A siphon uses gravity and pressure differentials to pull fluid out of a high reservoir, pass it through an intermediate system and perform mechanical work, and return it to a low reservoir, all driven by continous weight of the liquid column. If the siphon column breaks, the flow instantly stops and the system reverts to equilibrium. A flash loan works exactly like this continous fluid.
It temporarily gives access to liquidity to a borrower who can then execute MEV strategy, and if anything breaks along the way, the transaction is reverted back to its initial state. In this analogy, the flash loan technically "siphon's" liquidity from the liquidity pool or a lending protocol to give it to a borrower.
- Pool liquidity: The potential energy stored in the water reservoir.
- Flash loan: Siphoning water out instantly via high pressure drop.
- Mechanical work: Could be arbitrage or any other MEV strategy.

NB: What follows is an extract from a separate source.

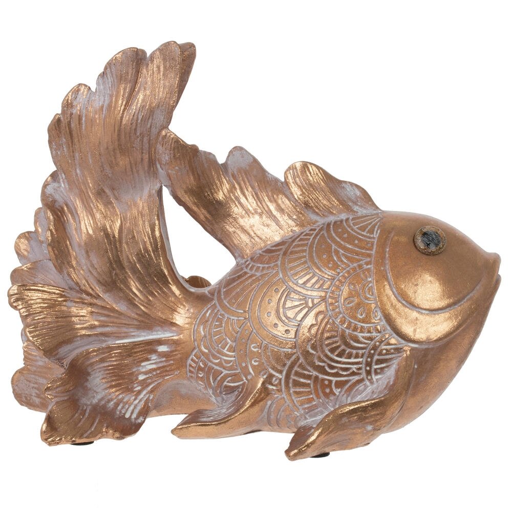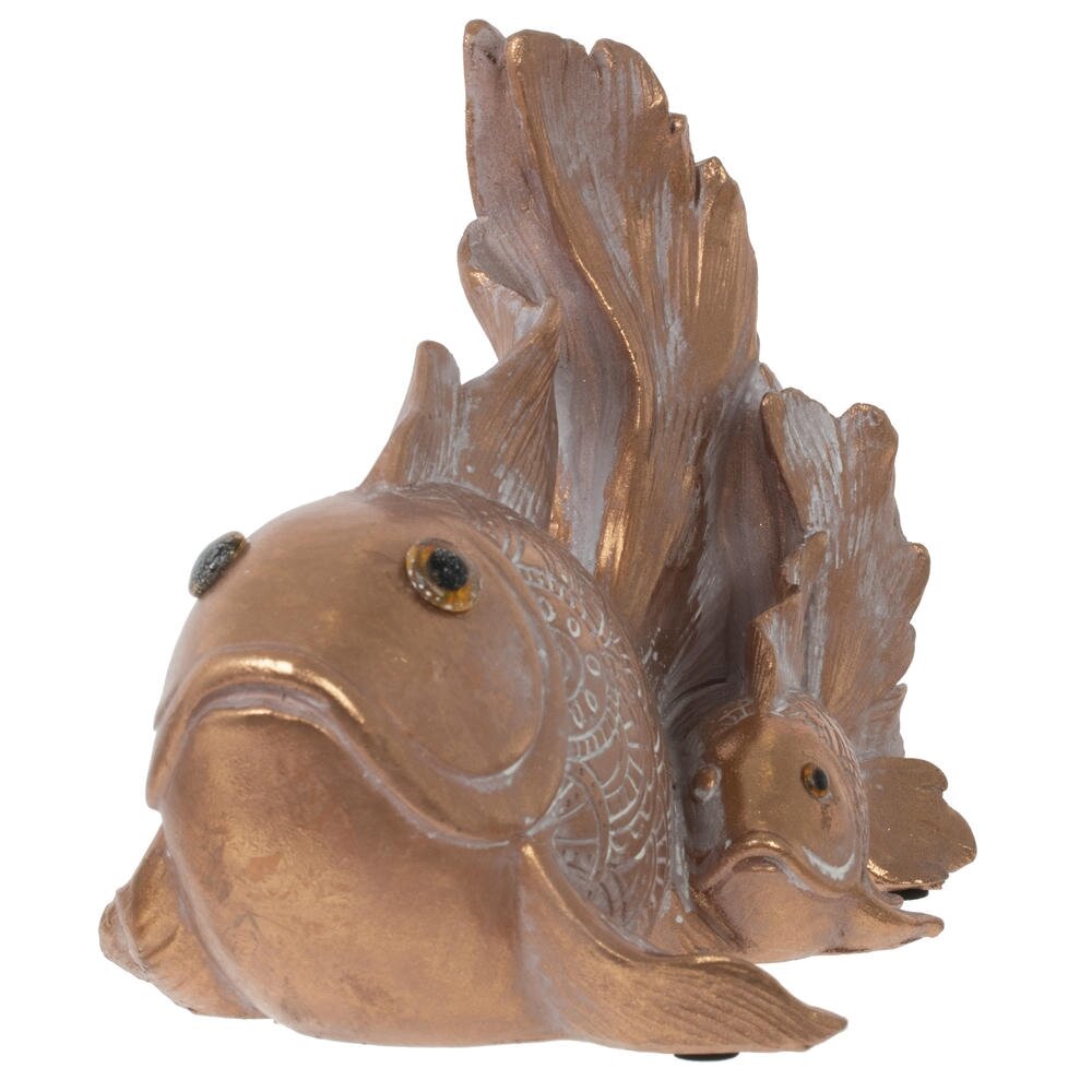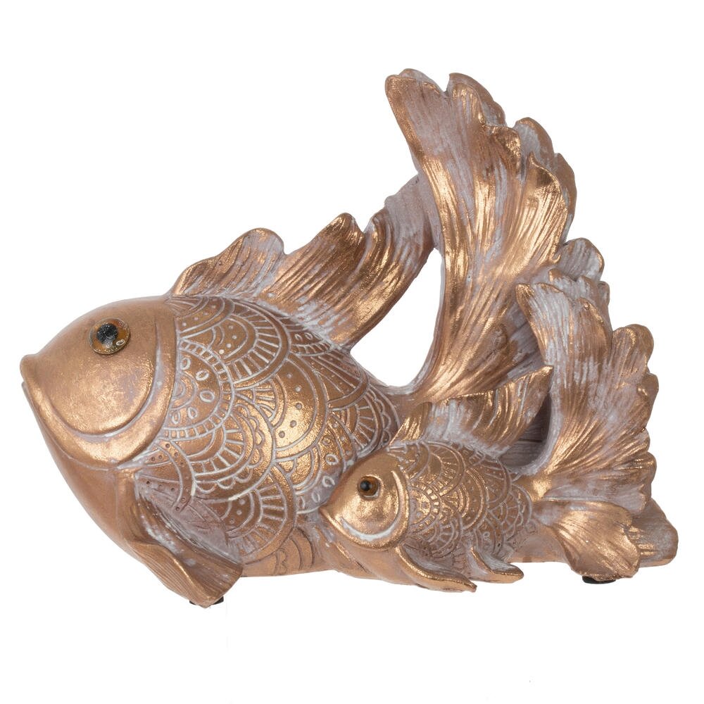Декоративная фигурка в виде двух изящных рыбок станет эффектным акцентом в любом интерьере. Крупная рыба с распахнутым хвостом оберегает маленькую, создавая ощущение гармонии, достатка и семейного уюта. Поверхность украшена тонким рельефным орнаментом, напоминающим кружевную чешую, что придаёт изделию выразительность и благородство. Тёплое золотистое покрытие с мягким перламутровым отливом красиво играет на свету и подчёркивает каждый изгиб плавников. Фигурка отлично подойдёт для гостиной, спальни, рабочего кабинета или зоны отдыха, а также станет символичным подарком к новоселью, свадьбе или любому торжеству. Такое украшение легко впишется как в классический, так и в современный интерьер, придавая ему нотку изысканности и отражая вкус владельца.

- Single transaction atomicity: If transaction fails, everything is rolled back, same to when the fluid siphon break before the loop ends, the fluid state reverts.

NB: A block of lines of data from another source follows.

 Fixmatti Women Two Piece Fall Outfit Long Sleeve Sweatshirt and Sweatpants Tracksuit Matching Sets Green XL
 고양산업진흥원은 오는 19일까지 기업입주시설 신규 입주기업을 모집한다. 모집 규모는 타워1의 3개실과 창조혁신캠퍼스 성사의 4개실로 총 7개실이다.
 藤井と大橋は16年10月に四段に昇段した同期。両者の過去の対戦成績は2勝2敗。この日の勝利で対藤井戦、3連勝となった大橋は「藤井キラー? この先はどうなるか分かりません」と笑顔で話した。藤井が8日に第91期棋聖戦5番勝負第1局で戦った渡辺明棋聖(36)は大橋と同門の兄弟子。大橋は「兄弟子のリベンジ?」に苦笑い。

This flash loan system follows atomic sandwich structure. Where the intended DeFi operations like MEV logic is sandwitched between receiving the loan and paying back the lender after the intended operation is completed.
This flash loan system acts as the lender for effective and properly controlled test and liquidity provision for testing the system.

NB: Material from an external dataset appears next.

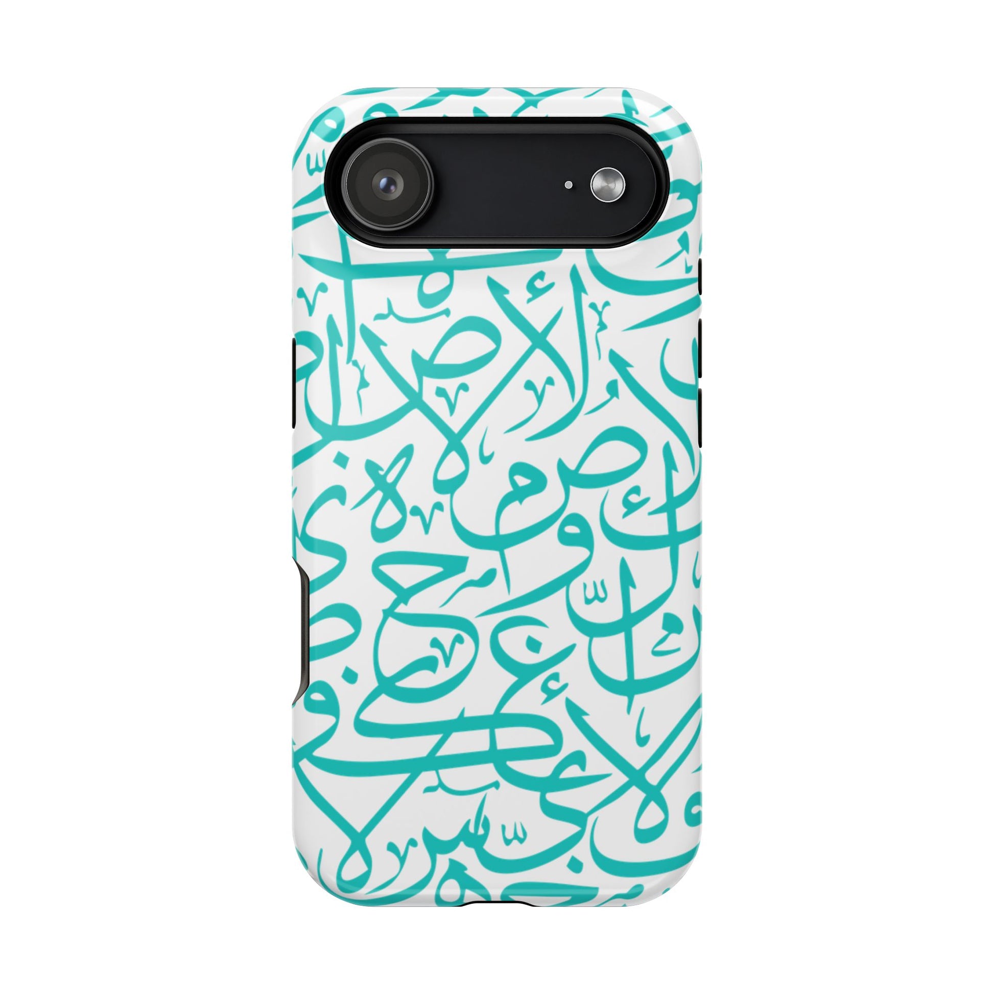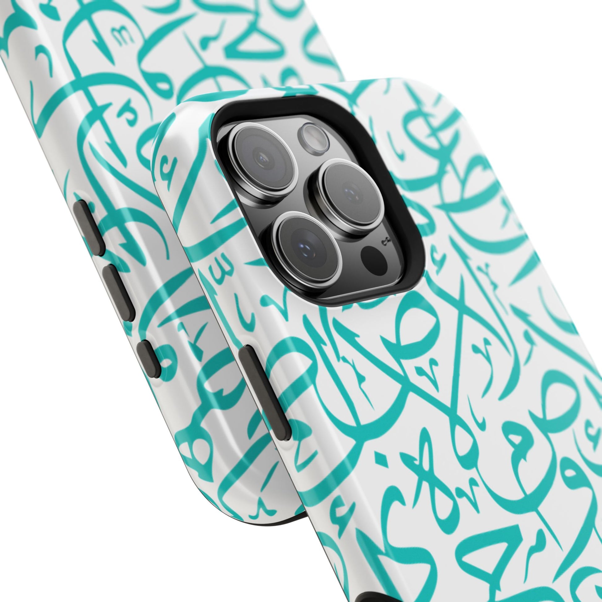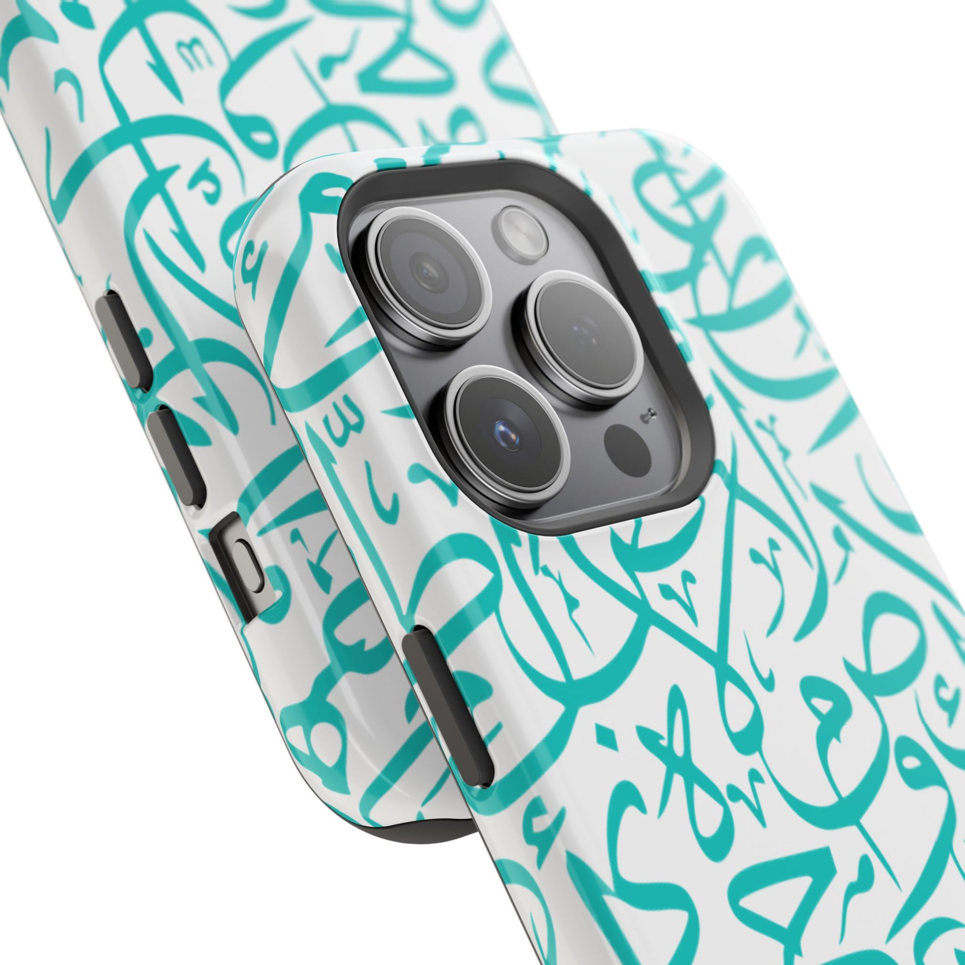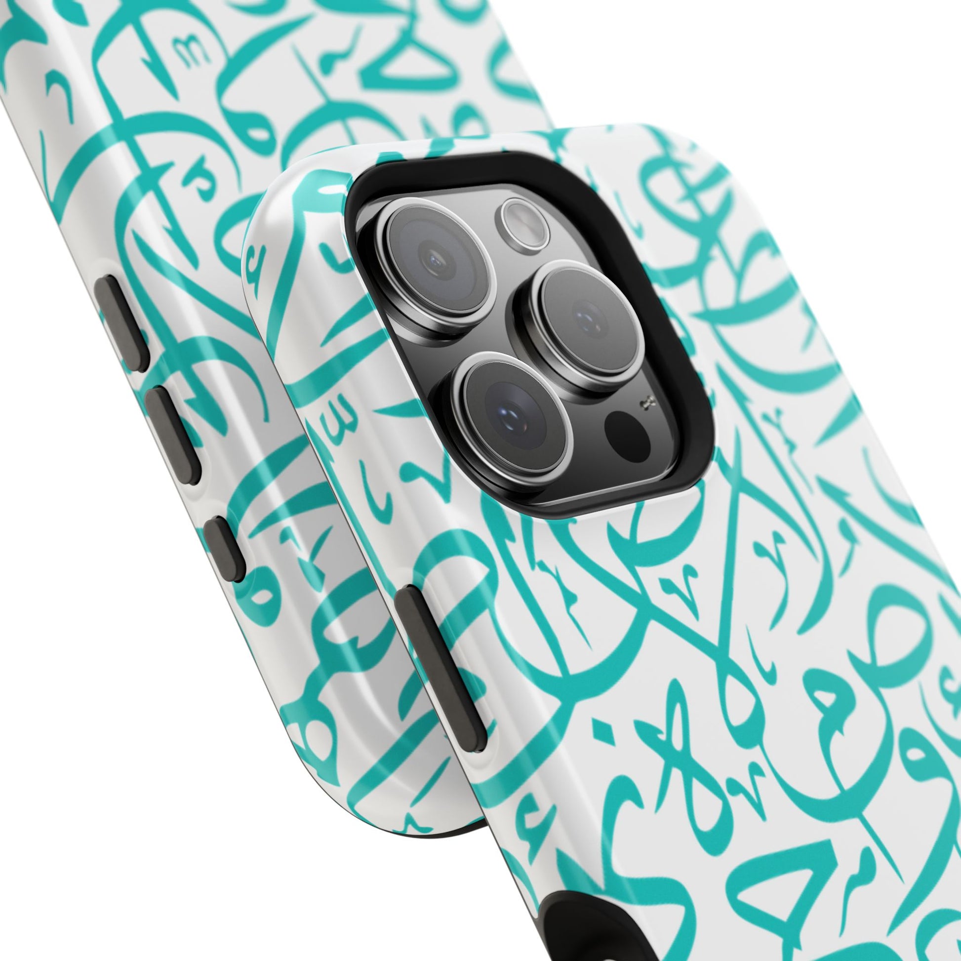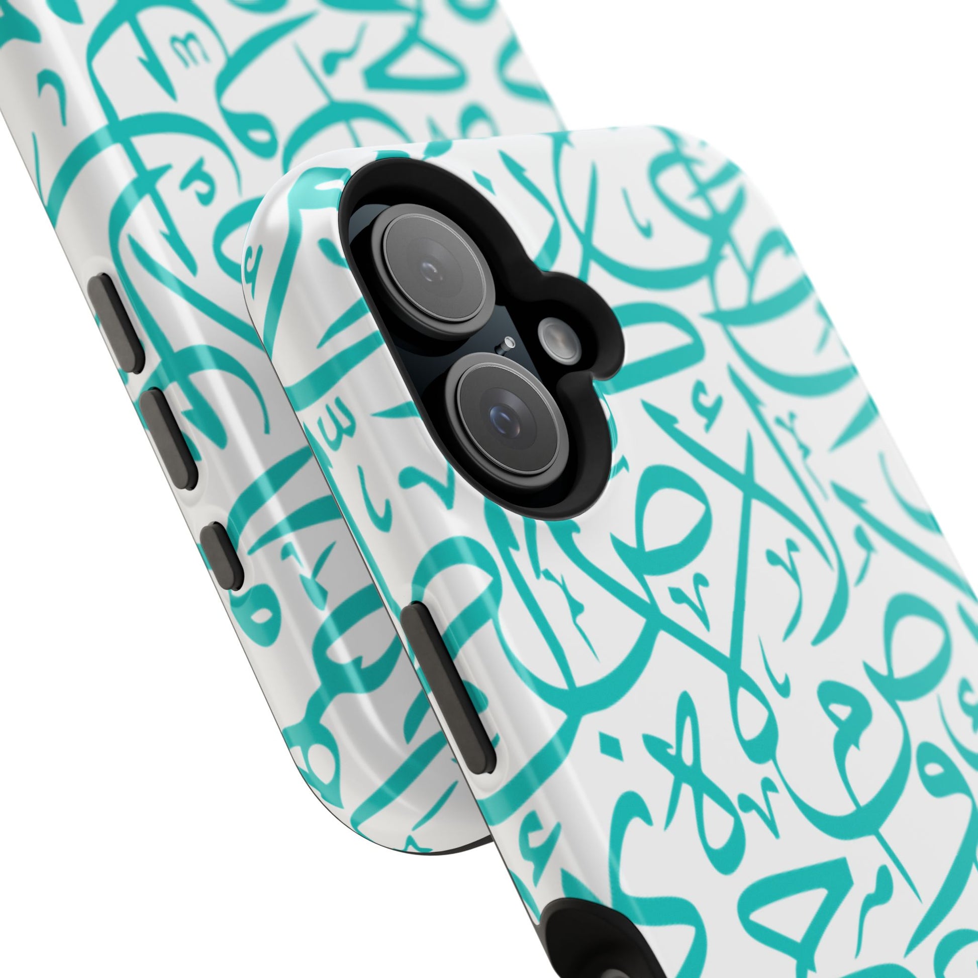 Arabic letters magnetic tough case is is to remind you of your identity. Equipped with an outer polycarbonate shell and inner black TPU lining, this case delivers robust protection thanks to its durable, flexible, impact-resistant nature. Available in a matte or glossy finish, each case comes with an embedded magnet module that is compatible with MagSafe® accessories and a stunning print that fully wraps around your case's exterior.

- Borrow -> Verify repay exists -> Issue temporary liquidity.
- Execute MEV strategy.
- Repay -> Read borrow instruction -> Verify balances -> Repay back the loan.
Initializes the protocol, setting up the authority, fee and other protocol configurations.
Issues temporary liquidity to the borrower. This is the flash loan.
Repays back the loan, with fee(profit).
All above occure quickly under one transaction atomically.